Some people move through the world carrying more than what’s visible. You can feel it when you're with them. Like something about them came from somewhere older—maybe heavier, maybe wiser.


They don’t always know what it is they’re holding. It just shows up in how they react to silence, to change, to loss. You notice it in their timing, their instinct to pull back before things break, or their way of holding on longer than most would.


I’ve known a few people like that.


This story isn’t trying to explain it. But it leans into the idea that some of us come into the world already marked by something bigger than we can name. And whether or not we understand it, we carry it forward.


Quietly. Often alone. But not without meaning.


Image by WiX
Image by WiX

He Was What Came After


He was born during a storm so sudden the village lights flickered for days.

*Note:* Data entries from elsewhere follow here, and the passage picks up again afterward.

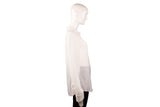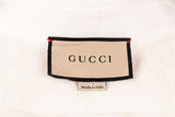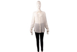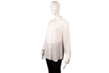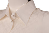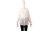 This Gucci blouse is crafted in lightweight cream silk featuring a subtle tonal GG monogram weave throughout. Designed with a classic point collar, full button-front closure, and long sleeves, it offers an elegant, fluid drape suitable for both tailored and relaxed styling. A refined wardrobe staple with understated luxury appeal.
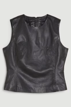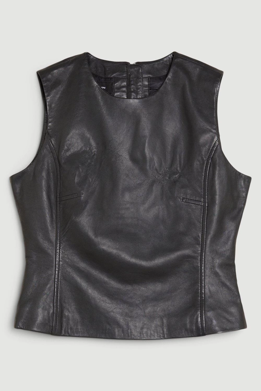 This contemporary shell top is crafted with sumptuous leather, promising to elevate any ensemble. A washed effect adds considered edge to this piece, while a round neckline adds classic appeal.
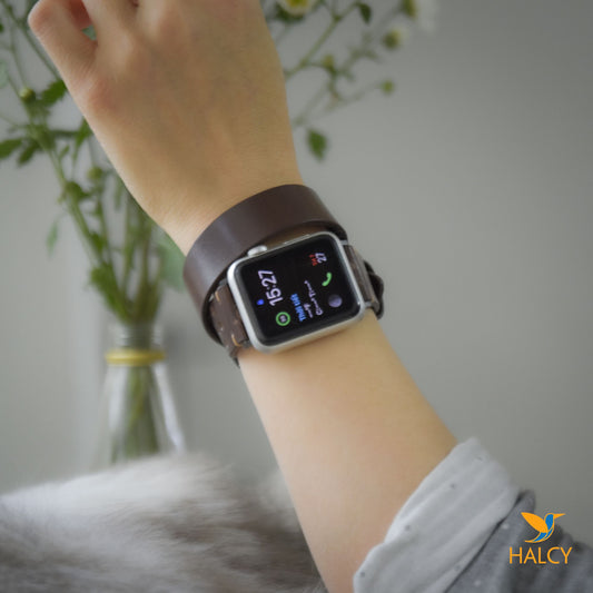 Brown Leather Wrap Bracelet for apple watch band, Choice of adapters and buckle color
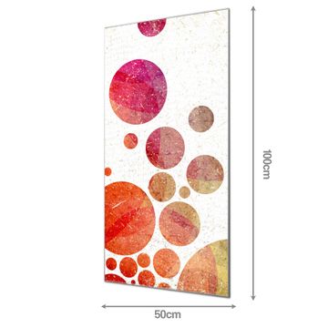 Material: 4mm Sicherheitsglas mit Metallrückwand Eigenschaften: beschreibbar, magnetisch, kratzfest Maße: 50x100x0,6cm, 7,50 kg schwer Motiv Nummer 10367 Kreise Zubehör: inklusive 4 Neodym-Magnete
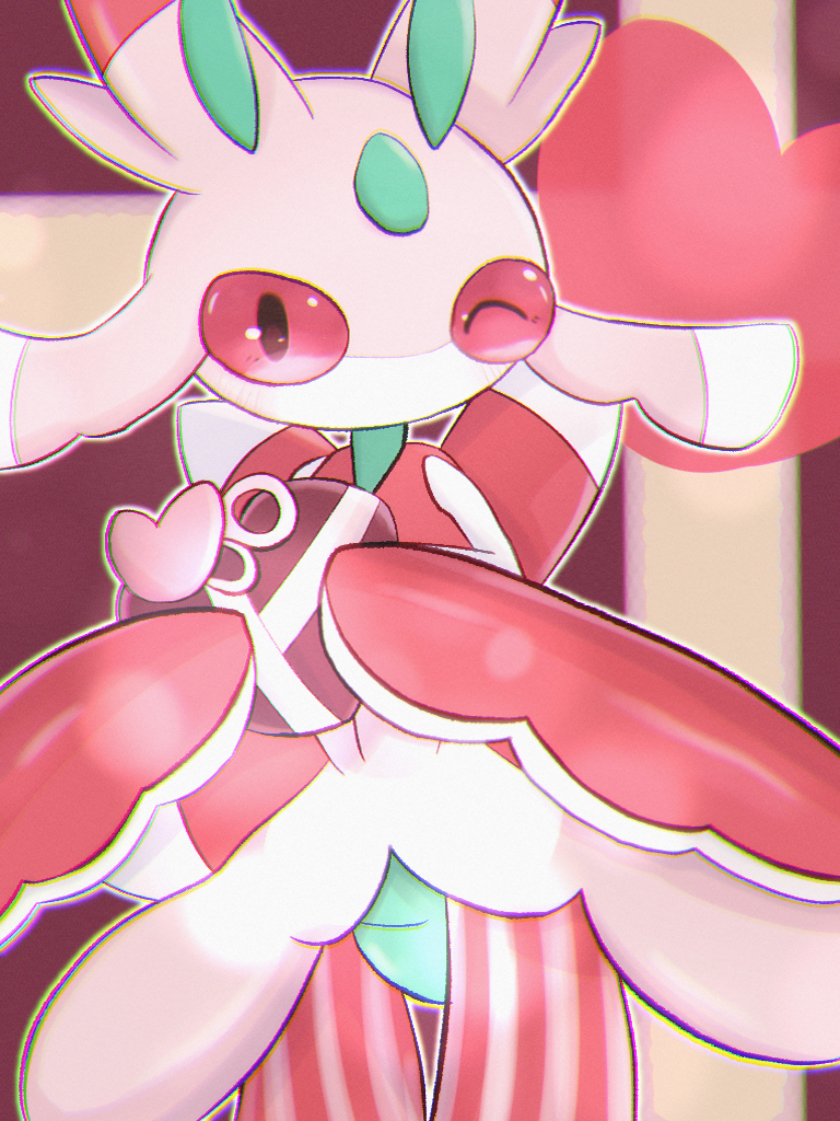 chromatic_aberration commentary_request cowboy_shot gen_7_pokemon holding looking_at_viewer lurantis nintendo no_humans one_eye_closed pink_ribbon pokemon pokemon_(creature) ribbon shito_(luyumash) solo valentine
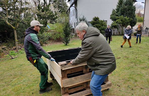 Das selbstgebaute Hochbeet wurde befüllt. Die Kinder vom Familienzentrum werden es bemalen und bepflanzen. Duftkräuter wurden schon gespendet. Auch erste Beerensträucher wurden eingepflanzt und Kapuzinerkresse ausgesät. Und einen Komposthaufen gibt es auch schon.
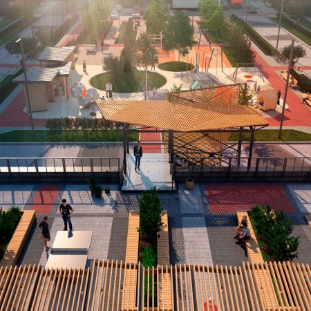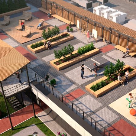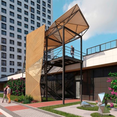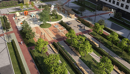 Приватный двор с отдельным входом также будет благоустроен зонами для спорта и отдыха, которые будут размещены на крышах коммерческих помещений ЖК «Графика». Именно там будет пространство для активных занятий для души и тела. Жильцы смогут практиковать йогу, проводить тренировки воркаут, а также играть в настольный теннис. На крышах также будет создана комфортная атмосфера для отдыха: удобные деревянные лежаки и уютные скамейки. Пространство украсят гирлянды и клумбы с пышными кустарниками.
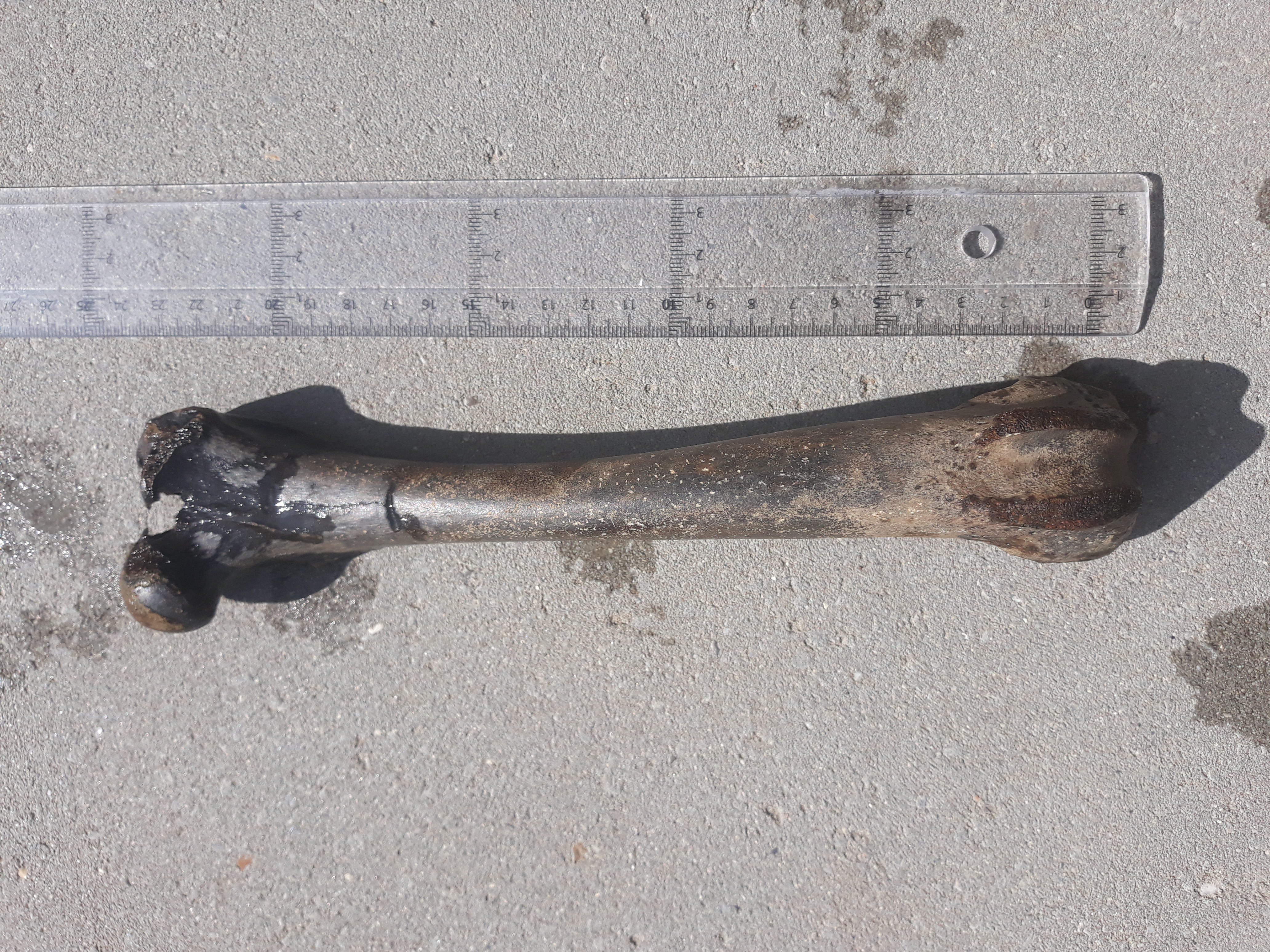 Is dit het dijbeen van een dier? Voor een mens lijkt het mij nogal klein. Gevonden in Antwerpen.
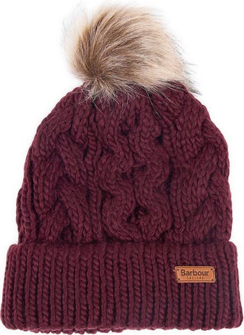 A plush faux-fur pompom tops a classic beanie cable-knit from chunky yarns and finished with a leather logo patch.
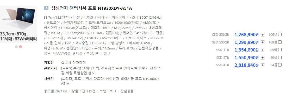 이번에 업무용으로 노트북이 하나 필요해서 구매예정에 있다.
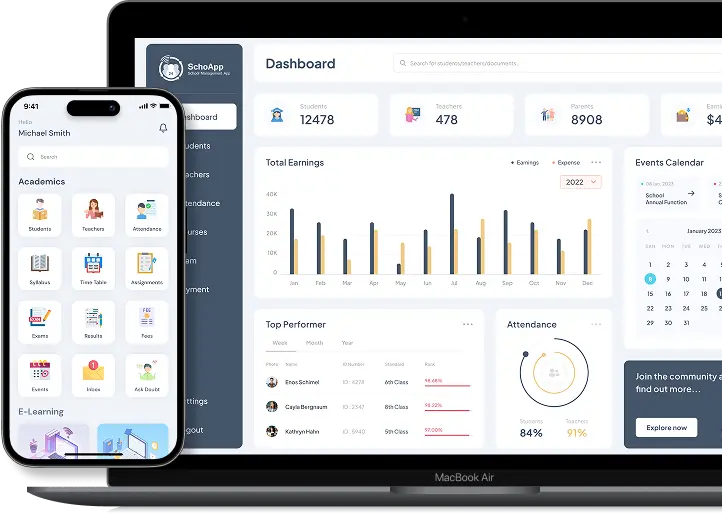 Custom school management software to simplify attendance, exams, transport, and communication for primary and secondary schools.
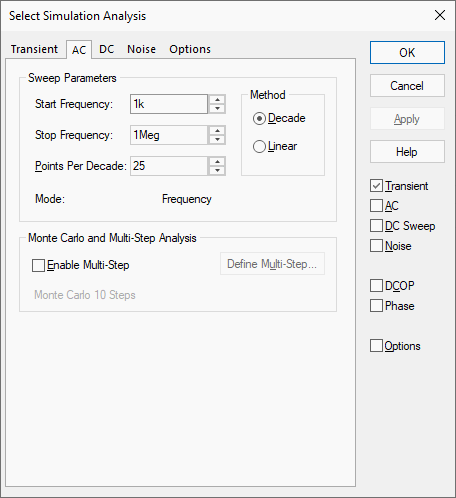 Like DC and Noise analyses, AC analysis is a swept mode and can operate in any of the 6 Sweep Modes. With some of these modes - e.g. sweeping a resistor value - it will be necessary for the DC operating point to be recalculated at each point while with others - such as frequency sweep - it is only necessary to calculate it at the start of the run.

Not from lightning, but from something else—a pressure in the air, thick and unspoken. The sky had been holding something in. His cry was its release.


They said it was just weather. But weather doesn’t settle into a child’s bones. This did.


As he grew, it became clear—he carried something that didn’t belong entirely to this world. He felt fractures before they formed. Sensed endings before they announced themselves. People mistook it for moodiness. But it was something deeper: a pulse under the surface, always humming.


He never asked to be different. But the truth clung to him—raw, electric, uncomfortable. Flowers bloomed too fast around him. Emotions arrived without context. And sometimes, people would share things with him—secrets, regrets—then retreat, shaken by how much they’d given away.


He wasn’t trying to unearth anything. But truth has its own gravity.


There was a name he once read in a book no one else remembered checking out. The Moist One. A star wrapped in sorrow and clarity. Another name came later—the one who howls before the storm breaks. These weren’t myths. They were echoes. Not identities, but reflections of something ancient that lived within him.


The hunger in him—the pull to understand, to go deeper even when it hurt—wasn't ambition. It was something else. A shadowed craving that had no bottom. And opposite that hunger, just as strong, was a strange detachment. Like he’d lived a thousand endings and no longer expected anyone to stay.


Two forces shaped him: one that pulled him outward, hungry for meaning. And one that pulled him inward, stripped of need. Most people lived between them. He was them.


An old man in a train station once studied his face too long and said,


“You’ve got the eyes of someone who remembers things he never learned. The wind’s been speaking through you.”


He didn’t reply. He never did. Those who understood didn’t need his answer.


He wasn’t built to stay still. He was made to feel too much, too early, too often. And while others tried to avoid storms, he lived close to them. He understood their rhythm. Their cost. Their cleansing.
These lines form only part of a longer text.